After nearly a decade on the market, the Lancer still delivers crisp looks and high feature content for the money. But what really sets it apart from other compact sedans is the availability of all-wheel drive.

Pricing and Equipment

As before, the Lancer is offered in four trim levels. The turbocharged Ralliart is gone, but the upmarket the SEL has been added:

  • Starting at just $17,595, the ES offers you features like automatic climate control, heated mirrors, foglamps, and alloys wheels.
  • Priced at $20,995, the popular SE gets a larger engine and standard all-wheel drive, plus extras such as heated front seats, keyless ignition, a rearview camera, and an upgraded sound system.
  • The new SEL ($21,995) adds an upgraded interior with leather upholstery and some additional convenience features.
  • The sporty GT get is own suspension and premium features like a sunroof and a Rockford Fosgate sound system, all starting a $22,495.

All models are eligible for a navigation system ($1,800), LED foglamps ($320), and rear parking sensors ($295).

Performance Pros

Mitsubishi Lancer

The Lancer ES starts out with a 2-liter four-cylinder engine with 148 horsepower, matched to a five-speed manual transmission or optional ($1,000) continuously variable automatic (CVT). For another $1,400, you can upgrade to a 2.4-liter four-cylinder good for 168 horsepower, which includes the CVT and all-wheel drive. The SE and SEL come standard with this setup.

The front-drive-only GT also gets the 2.4-liter, along with your choice of the manual or CVT.
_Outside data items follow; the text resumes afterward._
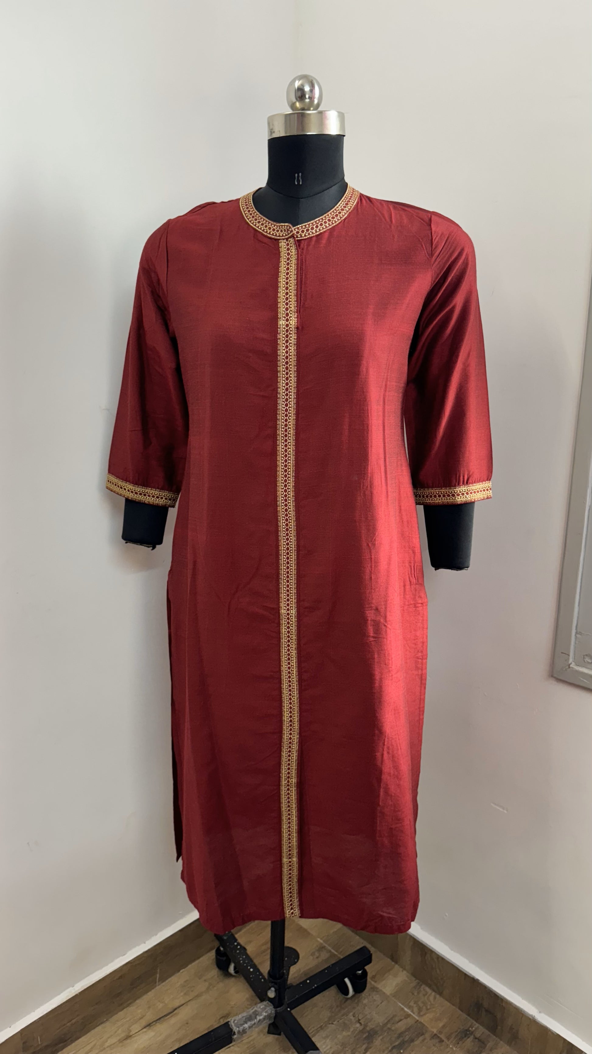 EMBROIDERY: Golden threadwork along the neckline, front opening, and sleeve cuffs.
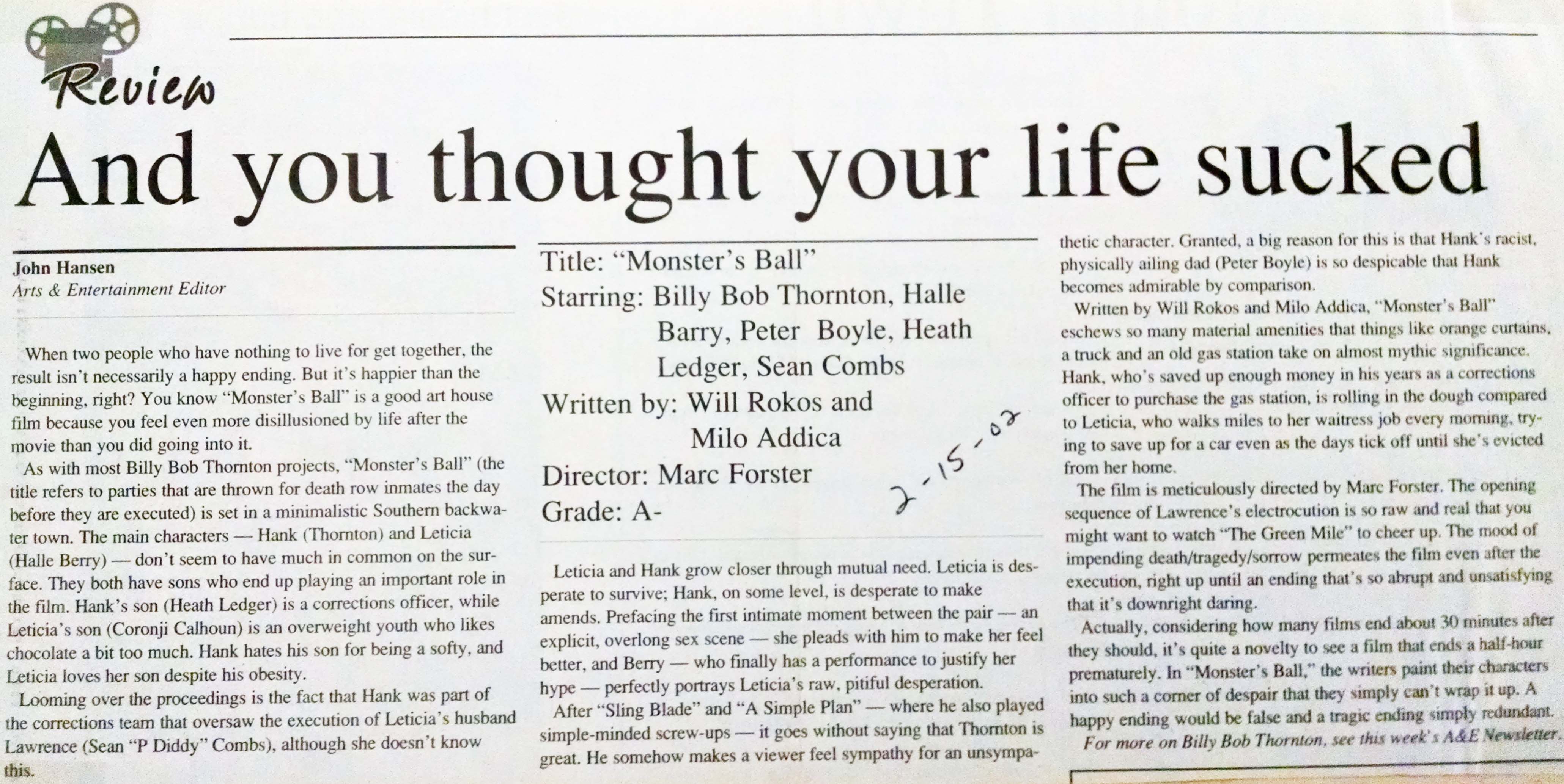 My “Monster’s Ball” review, NDSU Spectrum, Feb. 15, 2002
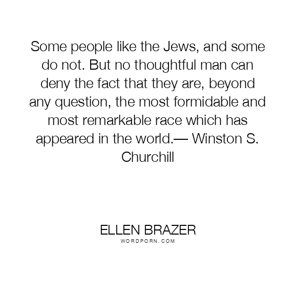 Some people like the Jews, and some do not. But no thoughtful man can deny the fact that they are, beyond any question, the most formidable and most remarkable race which has appeared in the world.— Winston S. Churchill
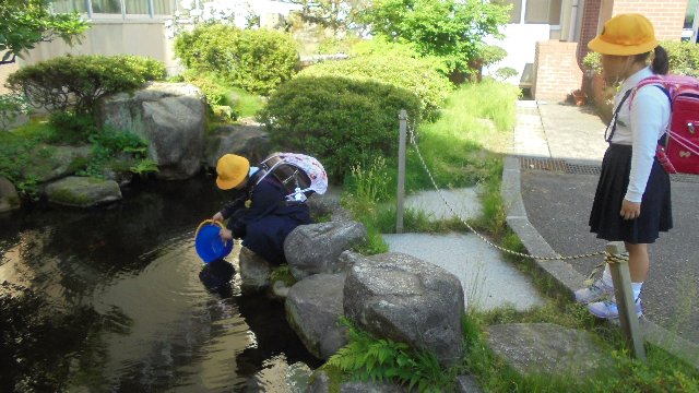5年の酒井さんがバケツを持って登校、中身は家で飼っている金魚を4匹も持ってきてくれました。学校の池の金魚が春先に鳥に食べられ1匹だけになりさびしそうだったから。優しいですね。ありがとう。

Performance highlights include:

  • Steering/Handling: The Lancer has always been on the sporty side of this class. Its quick, confident handling remains one of its best attributes.
  • All-Wheel Drive: It's optional or standard on all models except the GT, a rarity for this class.
  • Acceleration: The 2.4-liter engine used in most models is more than sufficient to move the Lancer with authority.

Performance Cons

  • At 25-30 mpg in combined city and highway driving, the Lancer trails most competitors by at least a few mpg.
  • Other compacts have come a long way in terms of ride quality, and the Lancer's now ranks as below average.

Interior Pros

  • The rear accommodations are surprisingly spacious. Two adults can ride in all-day comfort; three will fit fine on short trips.
  • A split-folding rear seat is standard across the board.

Interior Cons

  • While the interior looks better than it used to, the design and materials remain disappointing considering the level of refinement found in other compacts these days.
  • Wind noise can become downright annoying at highway speeds.

The Most Pleasant Surprise

The Lancer is the cheapest route to an all-wheel drive vehicle with leather seating that we know of.

The Least Pleasant Surprise

Despite regular updates, the Lancer feels like the product of a different era.

The Bottom Line

Cost-conscious buyers who must have all-wheel drive will be able to overlook the Lancer's age-related shortcomings.